What if someone proves that advanced AGI (or even some dumb but sophisticated AI) cannot be "contained" nor reliably guaranteed to be "friendly"/"aligned"/etc. (whatever it may mean) ? Can be something vaguely goedelian, along the lines of "any sufficiently advanced system ...".
Those godelian style arguments (like the no-free-lunch theorems) work much better in theory than in practice. We only need a reasonably high probability of the AI being contained or friendly or aligned...
I imagine a reward function would be implemented such that it takes the current state of the universe as input. Obviously it wouldn't be the state of the entire universe, so it would be limited to some finite observable portion of it, whatever the sensory capabilities of the agent are. So if the "capacity" of the agent was increased, that could mean different things - it could mean that the agent now has a greater share of the universe it can observe at a given point of time, or, it could mean that the agent has more computational power to calculate some function of the current input. Depending on how that increased capacity manifests itself, it could drastically alter the final output of the reward function. So a properly "aligned" reward function would essentially have to remain aligned under all possible changes to the implementation details. And the difficulty with that is: Can an agent reliably "predict" the outcome of its own computations under capacity increases?
What is your take on the "unfriendly natural intelligence" problem? Humans don't seem aligned wth human happiness in today's normal circumstances. Do you think this is related, in that humans are aligned in situations where they have less power? Or are humans just unaligned jerks in all circumstances?
Another way to look at this is as a result of "ought implies can". A function mapping the correct choices for each possible action is not guaranteed to have correct/desirable outcomes for no-longer-impossible inputs.
Also, this brings forth a confusion in the word "aligned". If it's foundationally aligned with underlying values, then increased capacity doesn't change anything. If it's only aligned in the specific cases that were envisioned, then increase in capacity may or may not remain aligned. Definitionally, if r is aligned only for some cases, then it's not aligned for all cases.

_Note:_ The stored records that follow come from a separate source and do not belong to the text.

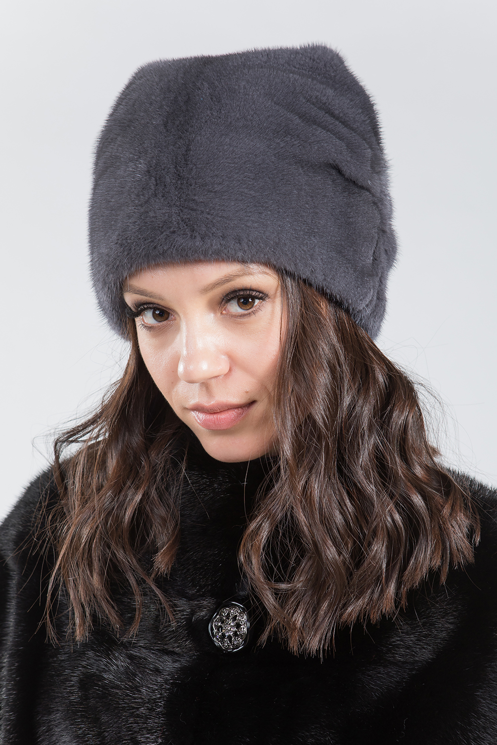Шапка женская из меха норки. Модель внутри оснащена регулирующей резинкой, чтобы шапочка могла подойти на несколько размеров. Изделие декорировано сзади бусинками и стеклярусами. Модель универсальная и теплая, ее легко можно свернуть и положить в женскую сумочку. Она не займет много места и не потеряет форму. Шапочка великолепного цвета графита подойдет к любому меховому пальто и будет согревать в морозную погоду!
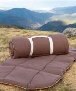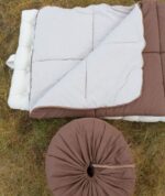 Le sac de couchage peut être ouvert entièrement pour s’utiliser comme une couette. Il peut également être assemblé avec un autre sac de couchage identique pour pouvoir dormir à deux.
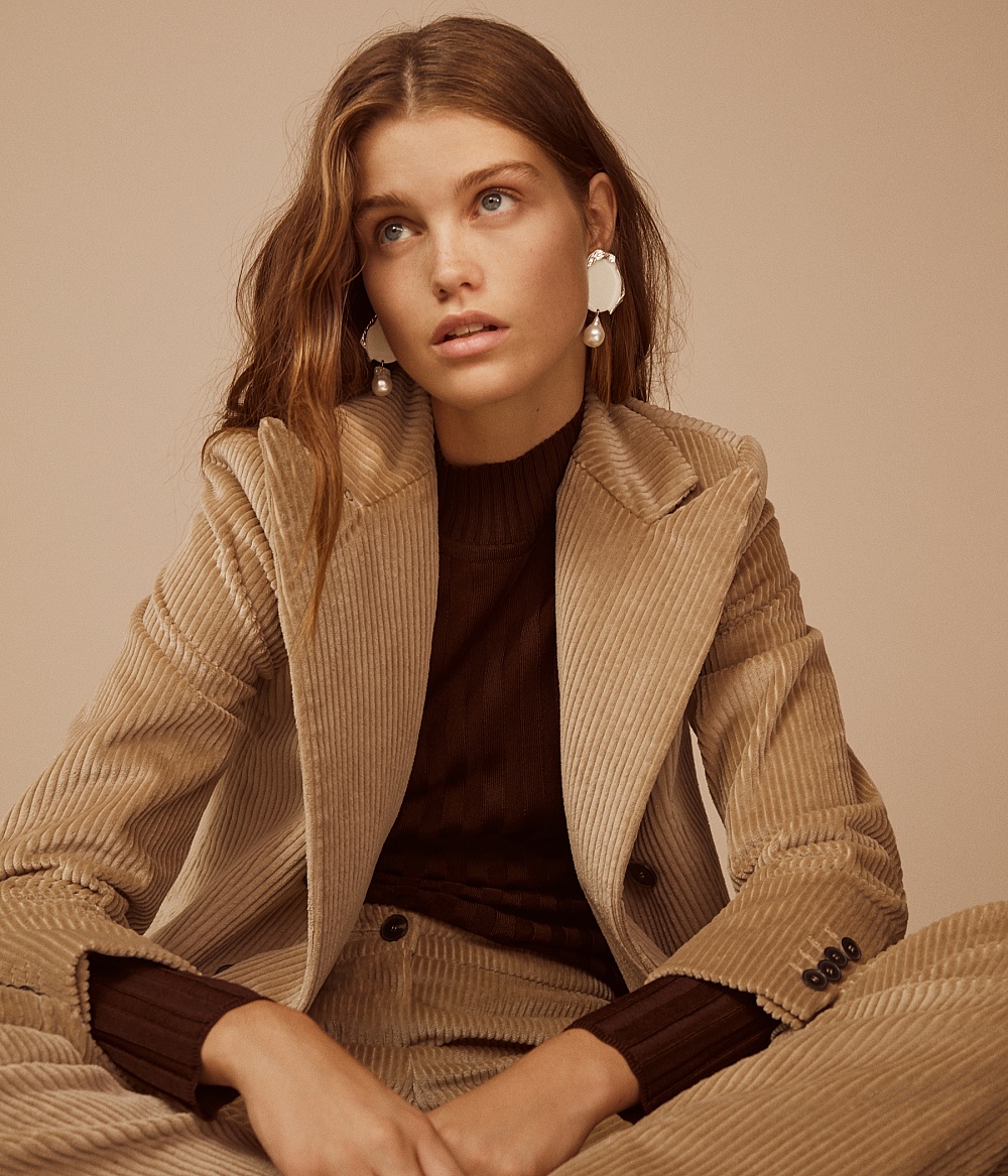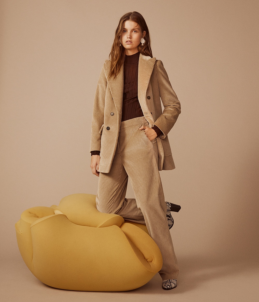 Жакет с широкими лацканами и широкие брюки-трубы – при выборе брючного костюма ориентируемся на архивные снимки Джейн Биркин.
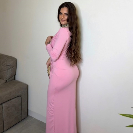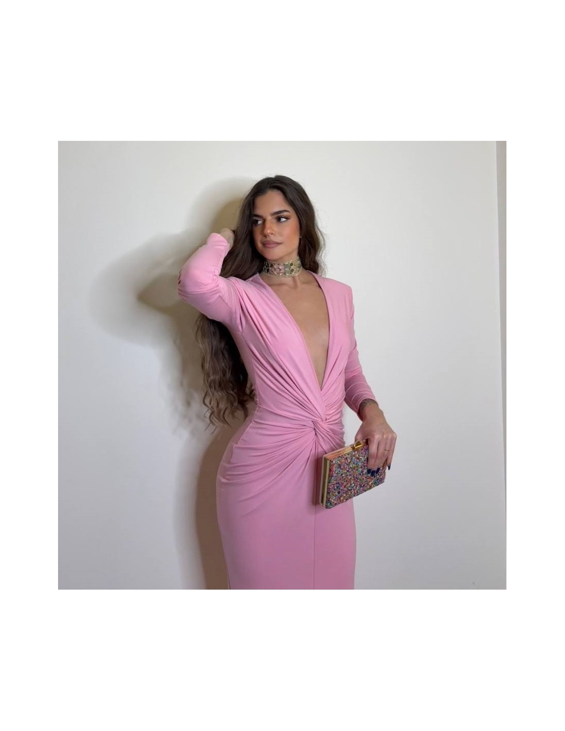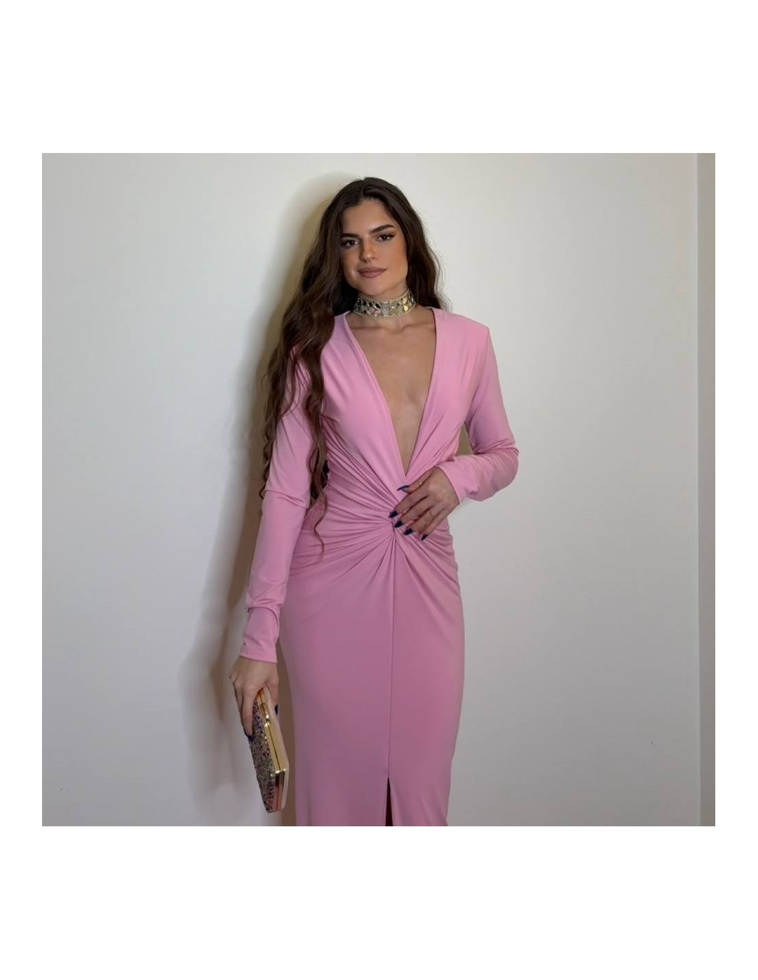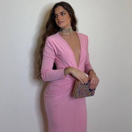Vestido evento largo con hombreras y nudo delantero fruncido. De manga larga. Escote V. Talla única.
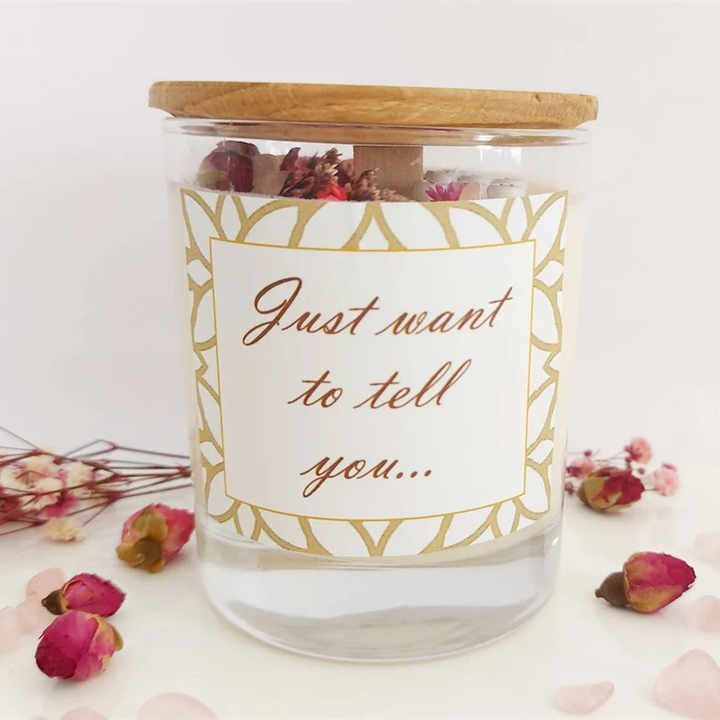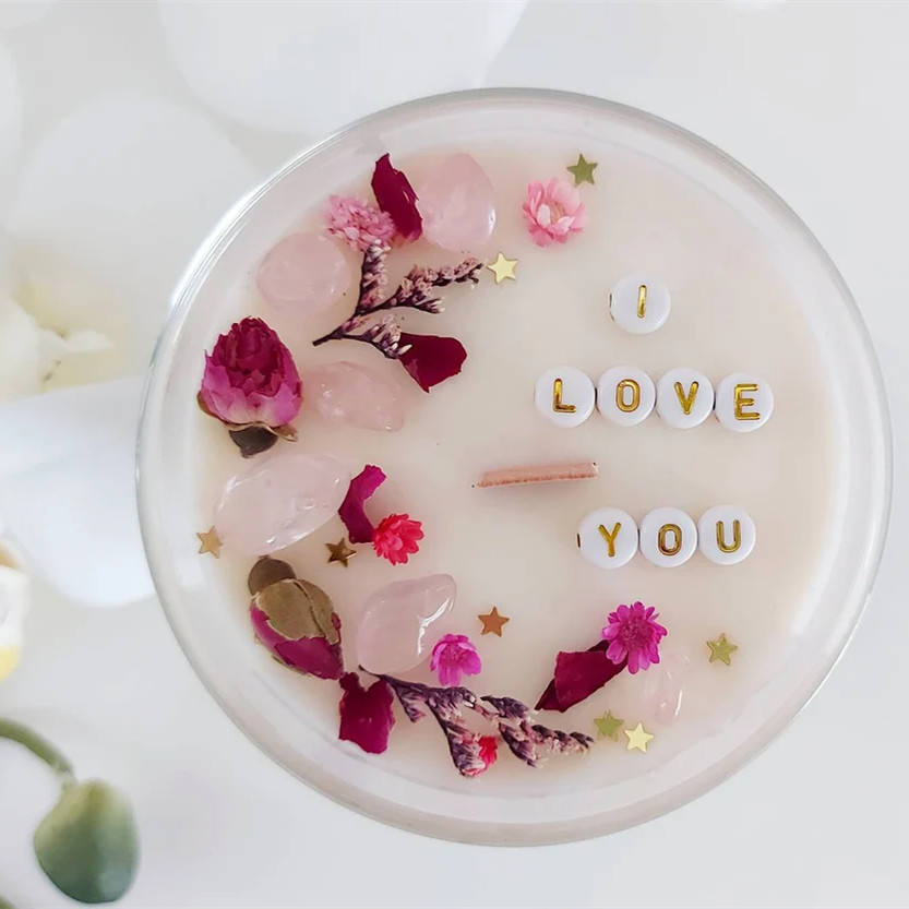 Vela Aromática Personalizada Huaming con Mensaje Secreto en Cristal de Cuarzo Rosa, con Flor Roja y Mensaje Romántico en su Interior
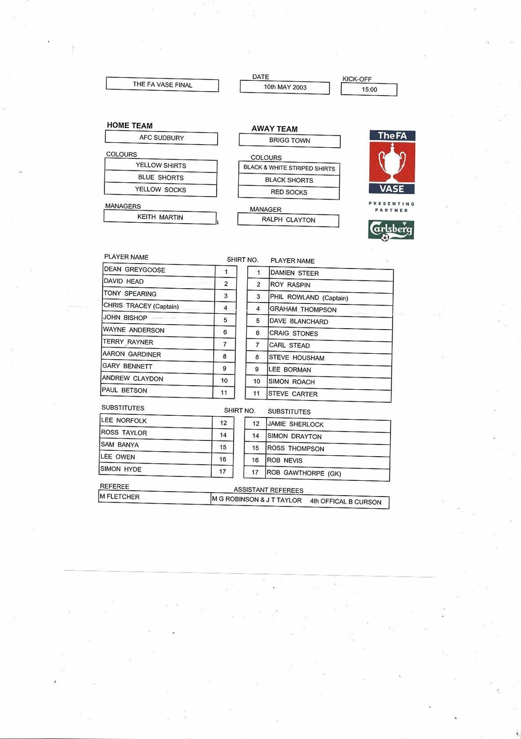 2003 Sudbury v Brigg Town Vase Final Football Programme & Team Sheet
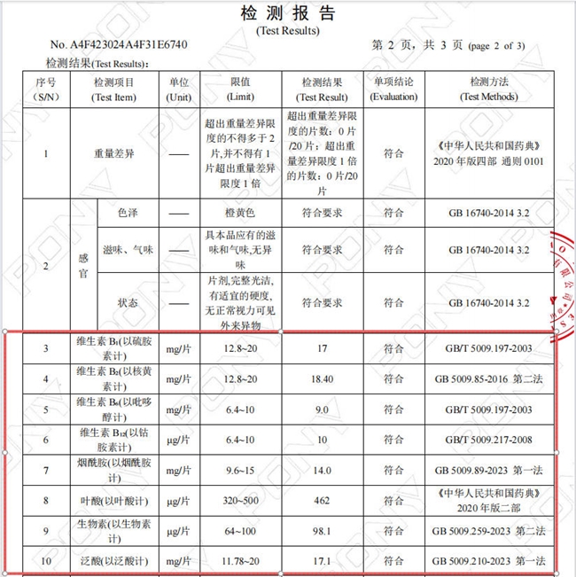 配方研发立足 “全营养覆盖 + 高活性适配”,完整包含 8 种人体必需的 B 族维生素,每片精准配比:维生素 B1 16mg、维生素 B2 16mg、维生素 B6 8mg、维生素 B12 8μg、烟酰胺 12mg、叶酸 400μg、生物素 80μg、泛酸 14.73mg,一站式填补日常饮食中可能存在的营养缺口。针对现代人群常见的作息不规律、饮食不均衡等情况,配方中合理强化关键成分含量,助力改善身体状态;同时采用高活性营养形态,维生素 B12 选用甲钴胺,叶酸采用 5 - 甲基四氢叶酸,无需肝脏二次转化,可直接被人体吸收利用,适配不同人群的吸收特点。B6 剂量严格遵循温和安全标准,适合长期日常补充,无需担心额外负担。
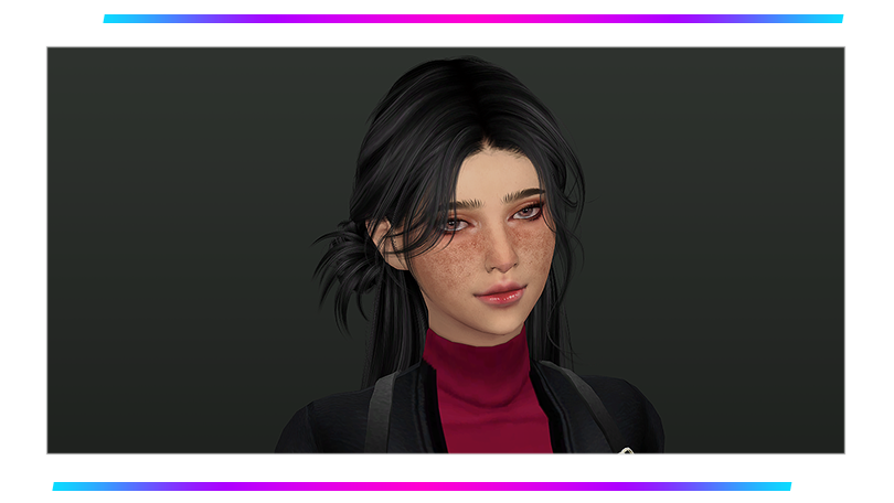 Features: Softer, rounded features with a thin button nose, full and pouty lips, and doe-like eyes. Jas has freckles across the center of her face and along her t-zone, as well as surgical scarring along her chest.

So unpack another level: why would you not make r align generally, rather than only for current capacities?
Crossposted at the Intelligent Agents Forum.
I think that Paul Christiano's ALBA proposal is good in practice, but has conceptual problems in principle.
Specifically, I don't think it makes sense to talk about bootstrapping an "aligned" agent to one that is still "aligned" but that has an increased capacity.
The main reason being that I don't see "aligned" as being a definition that makes sense distinct from capacity.
These are not the lands of your forefathers
Here's a simple example: let r be a reward function that is perfectly aligned with human happiness within ordinary circumstances (and within a few un-ordinary circumstances that humans can think up).
Then the initial agent - B0, a human - trains a reward r1 for an agent A1. This agent is limited in some way - maybe it doesn't have much speed or time - but the aim is for r1 to ensure that A1 is aligned with B0.
Then the capacity of A1 is increased to B1, a slow powerful agent. It computers the reward r2 to ensure the alignment of A2, and so on.
The nature of the Bj agents is not defined - they might be algorithms calling Ai for i ≤ j as subroutines, humans may be involved, and so on.
If the humans are unimaginative and don't deliberately seek out more extreme and exotic test cases, the best case scenario is for ri → r as i → ∞.
And eventually there will be an agent An that is powerful enough to overwhelm the whole system and take over. It will do this in full agreement with Bn-1, because they share the same objective. And then An will push the world into extra-ordinary circumstance and proceed to maximise r, with likely disastrous results for us humans.
The nature of the problem
So what went wrong? At what point did the agents go out of alignment?
In one sense, at An. In another sense, at A1 (and, in another interesting sense, at B0, the human). The reward r was aligned, as long as the agent stayed near the bounds of the ordinary. As soon as it was no longer restricted to that, it went out of alignment, not because of a goal drift, but because of a capacity increase.